*** Block opens ***

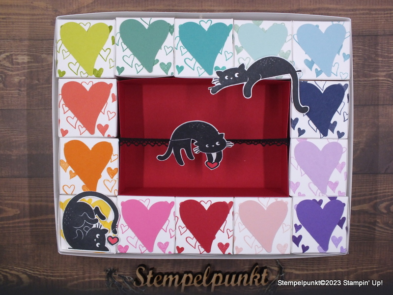 Diesen VALENTINSKALENDER musste ich einfach nachbasteln. Gesehen habe ich ihn bei Steffi’s Kartenhaus. Meinen Mann hat zwar nur der Inhalt interessiert. Und er meinte, das Ganze sollte ein Theater darstellen. Aber ich finder ihn wunderschön. Wie Steffi habe ich das Produktpaket ‚Rustikaler Strauss‘ und die süßen Katzen aus dem Stempelset ‚Love Cats‘ von Stampin‘ Up! verwendet.
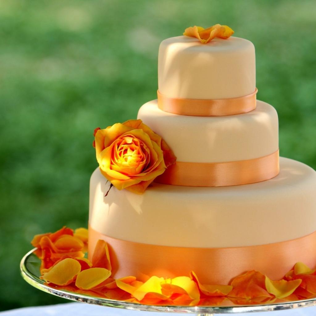 Обои Большой многоярусный оранжевый свадебный торт с цветами
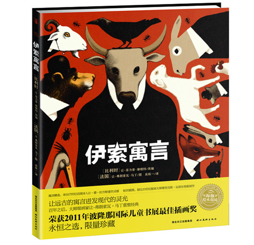 本冊繪本選擇了《伊索寓言》中的狼和小羊,狗、公雞和狐狸,獅子與報恩的老鼠,龜兔賽跑等26個故事,內容含量豐富。而本冊繪本最大特色則是讓-弗朗索瓦·馬丁的精湛的木刻插畫,全書26幅圖畫,堪稱藝術史上的精品;另外,保留了原畫紋理的印刷技術也特色鮮明。
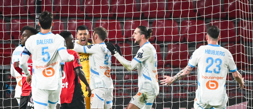 Rulli viert zijn redding op de strafschop van Stade Rennes met zijn ploeggenoten.
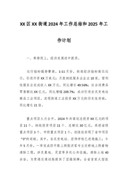 / XX区XX街道2024年工作总结和2025年工作计划
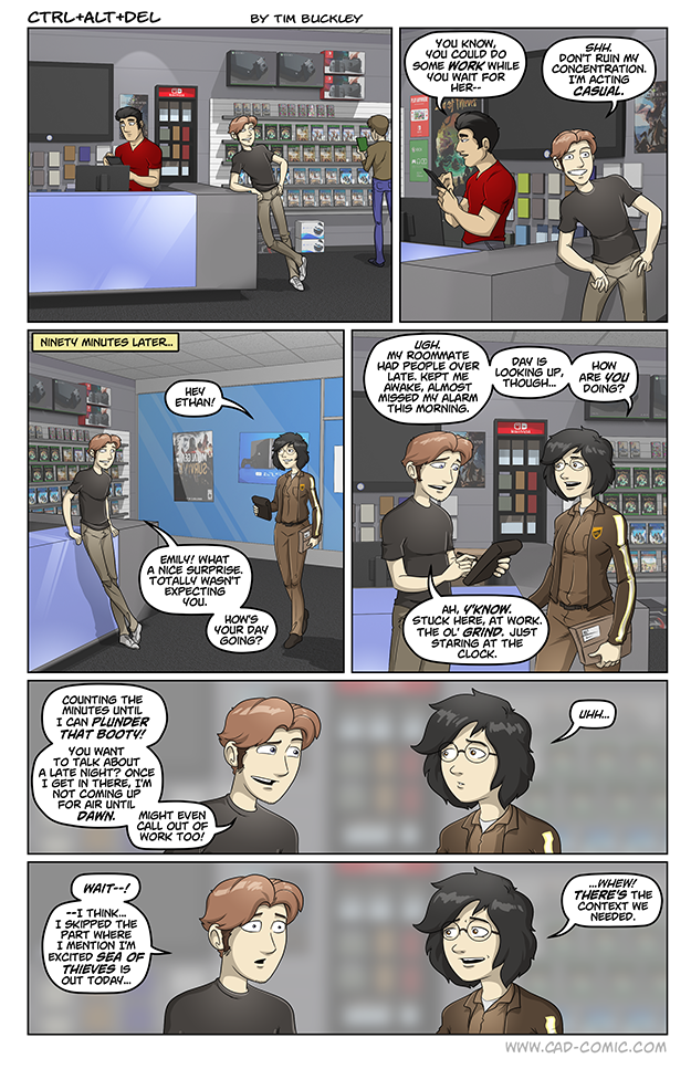 Actually it’s a fairly lengthy storyline that was supposed to pause at page 7 (Friday)… I thought I’d take a week to do some Sea of Thieves comics, and then pick up this thread again afterwards.
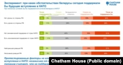 — Вы ў апытаньні таксама задалі шэраг пражэктыўных пытаньняў — ці варта Беларусі ўступіць у NATO пры розных умовах (ёсьць эканамічная падтрымка з боку Захаду ці няма, Расея супраць Беларусі ў NATO ці ня супраць). І дзіўна, што гэтыя ўмовы ніяк не ўплывалі на выбар. Пра што гэта сьведчыць?
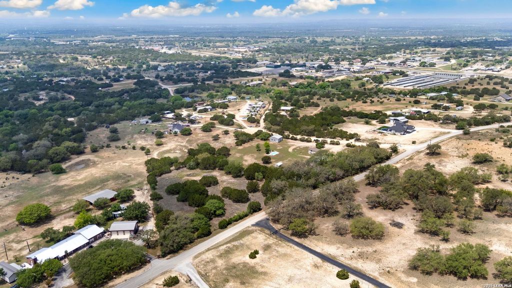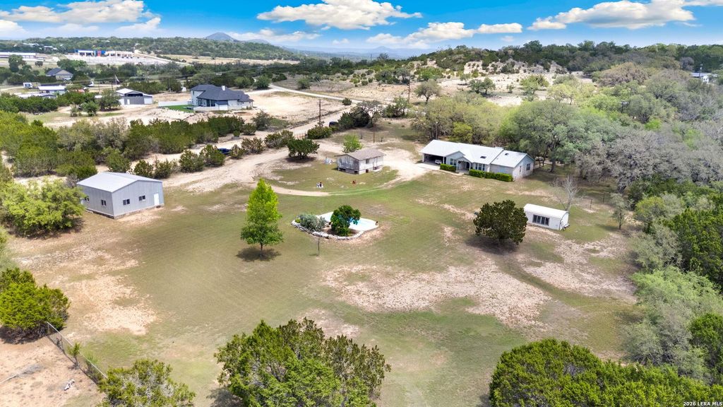 Welcome to this 3-bedroom, 2-bathroom single-story ranch-style home situated on 5.21 acres in the Wagon Creek subdivision in Bandera, Texas. This well-maintained property offers a functional split floor plan with an open-concept living and kitchen area filled with natural light from large windows and skylights. The living room features a wood-burning fireplace and opens to a fenced backyard with mature trees, patio space, and direct access from sliding glass doors. The kitchen includes an eat-in dining area with a scenic window view, and the laundry room is conveniently located just off the kitchen. The primary suite is positioned separately from the secondary bedrooms and includes a spacious bathroom with a skylight, walk-in shower, and walk-in closet. Additional features include ceramic tile flooring throughout the main living areas, an attached carport with storage, a workshop, and a greenhouse. The in-ground pool is west-facing, offering incredible sunset views overlooking the h

*** Block closes ***

Task to complete: Reproduce the listing exactly, but keep its images out of the copy.

Solution to this task:
 Diesen VALENTINSKALENDER musste ich einfach nachbasteln. Gesehen habe ich ihn bei Steffi’s Kartenhaus. Meinen Mann hat zwar nur der Inhalt interessiert. Und er meinte, das Ganze sollte ein Theater darstellen. Aber ich finder ihn wunderschön. Wie Steffi habe ich das Produktpaket ‚Rustikaler Strauss‘ und die süßen Katzen aus dem Stempelset ‚Love Cats‘ von Stampin‘ Up! verwendet.
 Обои Большой многоярусный оранжевый свадебный торт с цветами
 本冊繪本選擇了《伊索寓言》中的狼和小羊,狗、公雞和狐狸,獅子與報恩的老鼠,龜兔賽跑等26個故事,內容含量豐富。而本冊繪本最大特色則是讓-弗朗索瓦·馬丁的精湛的木刻插畫,全書26幅圖畫,堪稱藝術史上的精品;另外,保留了原畫紋理的印刷技術也特色鮮明。
 Rulli viert zijn redding op de strafschop van Stade Rennes met zijn ploeggenoten.
 / XX区XX街道2024年工作总结和2025年工作计划
 Actually it’s a fairly lengthy storyline that was supposed to pause at page 7 (Friday)… I thought I’d take a week to do some Sea of Thieves comics, and then pick up this thread again afterwards.
 — Вы ў апытаньні таксама задалі шэраг пражэктыўных пытаньняў — ці варта Беларусі ўступіць у NATO пры розных умовах (ёсьць эканамічная падтрымка з боку Захаду ці няма, Расея супраць Беларусі ў NATO ці ня супраць). І дзіўна, што гэтыя ўмовы ніяк не ўплывалі на выбар. Пра што гэта сьведчыць?
 Welcome to this 3-bedroom, 2-bathroom single-story ranch-style home situated on 5.21 acres in the Wagon Creek subdivision in Bandera, Texas. This well-maintained property offers a functional split floor plan with an open-concept living and kitchen area filled with natural light from large windows and skylights. The living room features a wood-burning fireplace and opens to a fenced backyard with mature trees, patio space, and direct access from sliding glass doors. The kitchen includes an eat-in dining area with a scenic window view, and the laundry room is conveniently located just off the kitchen. The primary suite is positioned separately from the secondary bedrooms and includes a spacious bathroom with a skylight, walk-in shower, and walk-in closet. Additional features include ceramic tile flooring throughout the main living areas, an attached carport with storage, a workshop, and a greenhouse. The in-ground pool is west-facing, offering incredible sunset views overlooking the h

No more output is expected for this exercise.